In March of the quarter, Choom broke ground on it first Toronto flagship location in Liberty Village. With construction 90% complete, a summer opening is expected. Choom’s Hamilton location is next in the pipeline. With its building permit secured, construction for the location is currently out for tender.
Cautionary Statement on Forward-looking information
This news release contains forward-looking information relating to the Company’s proposed activities and other statements that are not historical facts. Forward-looking information relates to management’s outlook and anticipated events or results and includes statements or information regarding the future or prospects of the Company. Although management of the Company has attempted to identify important factors that could cause actual results to differ materially from those contained in forward looking information, there may be other factors that cause results not to be as anticipated, estimated or intended. These factors include risks and uncertainties associated with or arising as a result of delays in obtaining or an inability to obtain required regulatory approvals, access to sufficient quantities of cannabis, the results of diligence investigations, the actions of third parties, the results of negotiations with third parties, developments in the cannabis sector, the ability to access sufficient capital from internal and external sources, reliance on key personnel, regulatory risks and delays and other risks and uncertainties discussed in the management discussion and analysis section of the Company’s interim and most recent annual financial statement or other reports and filings, including those made with the CSE and applicable Canadian securities regulators. There can be no assurance that such forward looking information will prove to be accurate, as actual results and future events could differ materially from those anticipated in such statements. Accordingly, readers should not place undue reliance on forward looking information.

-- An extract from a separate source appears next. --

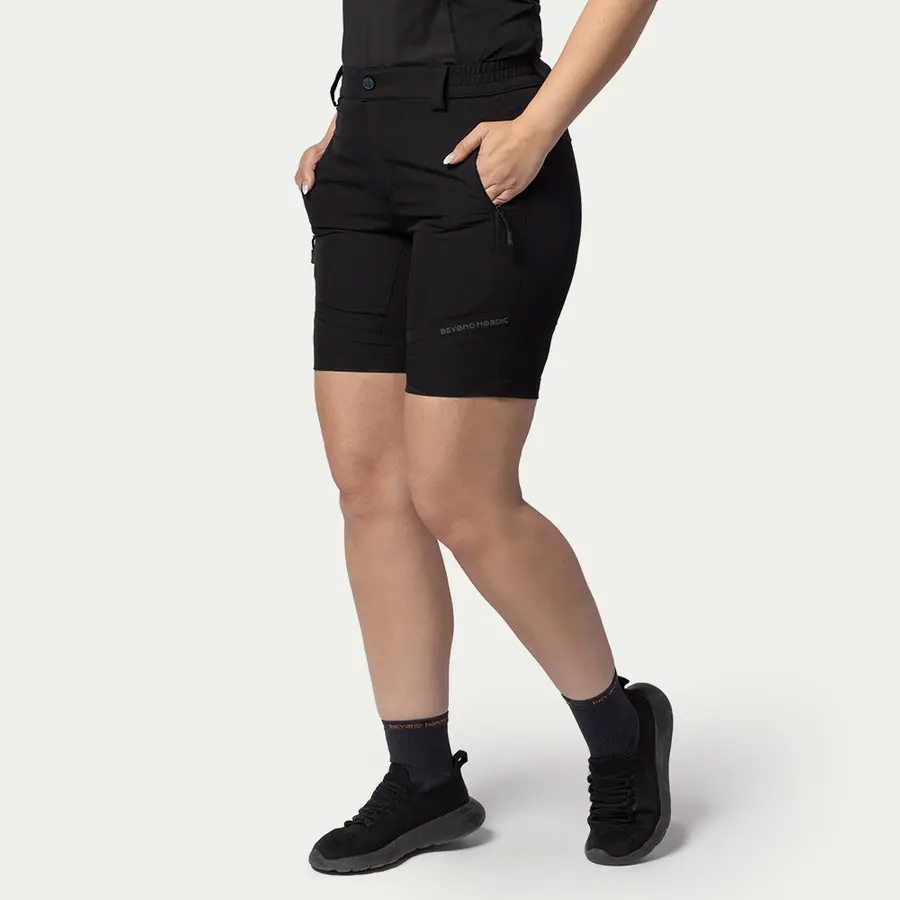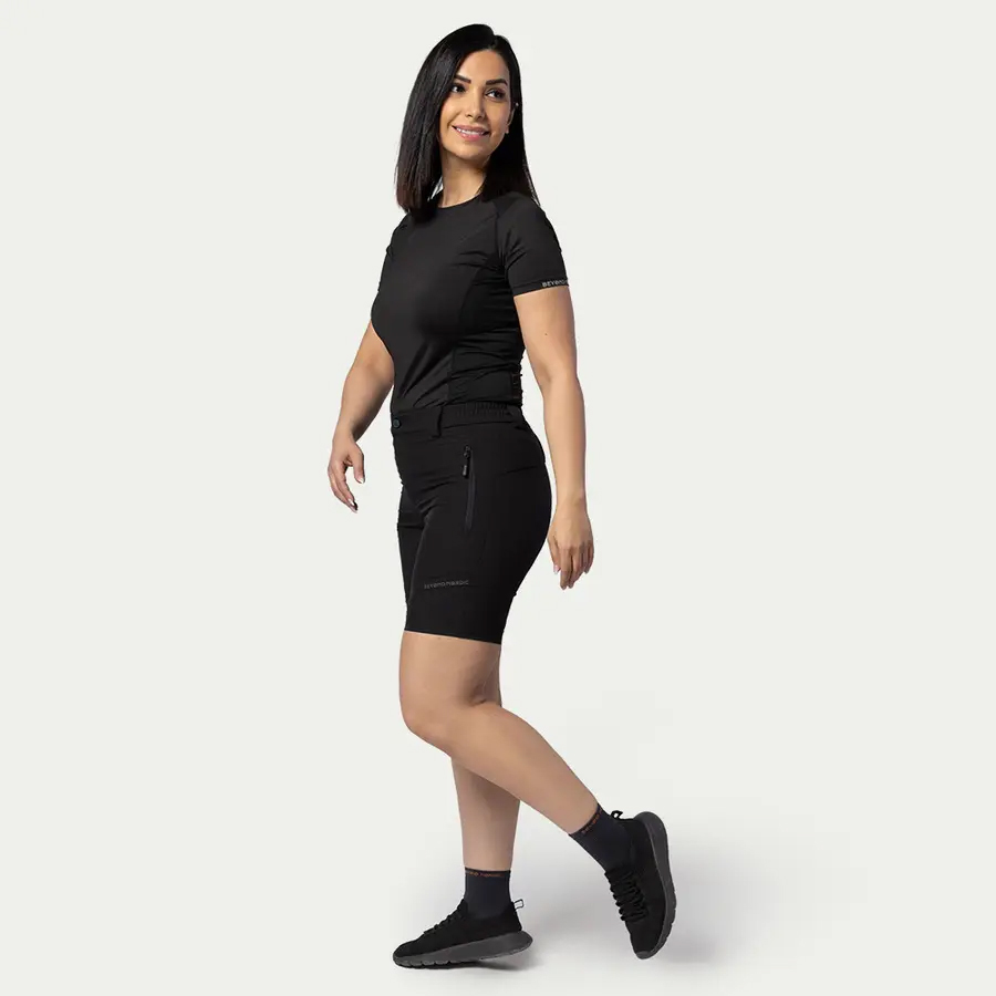 A BN013 Lightweight Flex Shorts női rövidnadrágokat a szabad mozgás és aktív életmód jegyében tervezték – ideális választás meleg időben és bármilyen kalandhoz. A kiváló teljesítményű Terraflex™ anyagból készült nadrág gyorsan szárad, négyirányú rugalmasságot biztosít, valamint fenntartható Teflon EcoElite® vízlepergető kezeléssel van ellátva a megbízható vízállóság érdekében. A BN013 modell hálós bélésű, cipzáras zsebeket kínál a jól szellőző és biztonságos tároláshoz, strapabíró YKK cipzárral és PGP zsebcipzárokkal az alapvető dolgok biztonságáért. A hátsó szellőzőpanel extra légáramlást biztosít intenzív tevékenységek során, a könnyű, könnyen csomagolható kialakítás pedig megkönnyíti, hogy minden utazásra magaddal vidd. Legyen szó vadregényes ösvényekről vagy városi sétákról – ezek a női rövidnadrágok technikai teljesítményt és sokoldalú stílust kínálnak, hogy lépést tartsanak veled a nap minden percében.

1: Non-IFRS Measures – Adjusted EBITDA
Adjusted EBITDA is a Non-IFRS metric used by management and does not have any standardized meaning prescribed by IFRS. The metric may not be comparable to similar measures presented by other companies. Management defines Adjusted EBITDA as the Income (loss) for the period, as reported, before interest, tax, depreciation, and amortization, share based payments, interest income, rental income, gains and losses, fair value adjustments on marketable securities, impairment, termination costs, debt extinguishments, discontinued operations and other non-recurring income and expenses. Management believes Adjusted EBITDA is a useful financial metric to assess its operating performance. A reconciliation of net income to Adjusted EBITDA is presented below and included in the corresponding MD&A:
2: Subsequent to the Restructuring, interest on the Aurora Debenture will be due on maturity of the debenture. The debenture will be secured by a second ranking security interest in all of the Company’s present and after-acquired assets.

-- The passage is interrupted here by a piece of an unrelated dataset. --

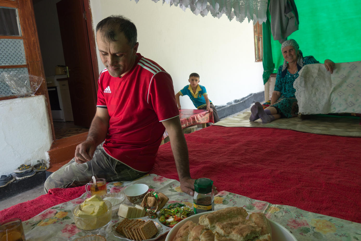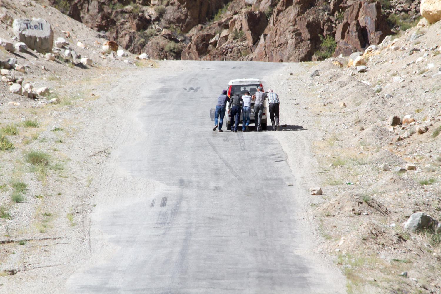 Two Dutch guys we met at the hostel pass us by, a little later we help them finish off a watermelon by the roadside. Over the course of the day we need to gain about 700 meters altitude and do about 60 km to stay on a schedule that will take us to Murghab in five or six days (it depends on the tailwinds we are promised once on the Pamir Plateau).

3: Aurora will be paid a perpetual restructuring fee equal to 1.25% of all revenue (net of taxes) received by the Company from the sale of products at the Company’s retail locations. The Company has the option, exercisable at any time after the fifth anniversary of the completion of the Restructuring to purchase the Restructuring Fee for a cash amount equal to six (6) times the preceding twelve-month Restructuring Fee.
4: Concurrently with the completion of the Offering, Aurora has agreed to convert into Common Shares such portion of the indebtedness represented by the existing Amended and Restated Aurora Debenture as will result in Aurora holding a maximum of 19.9% of the Company’s issued and outstanding Common Shares on a post-Offering basis.
5: The Restructuring is to be completed immediately following, and is conditional upon, the completion of the Offering
NEITHER THE CANADIAN SECURITIES EXCHANGE NOR ITS REGULATION SERVICES PROVIDER HAS REVIEWED OR ACCEPTED RESPONSIBILITY FOR THE ADEQUACY OR ACCURACY OF THIS RELEASE.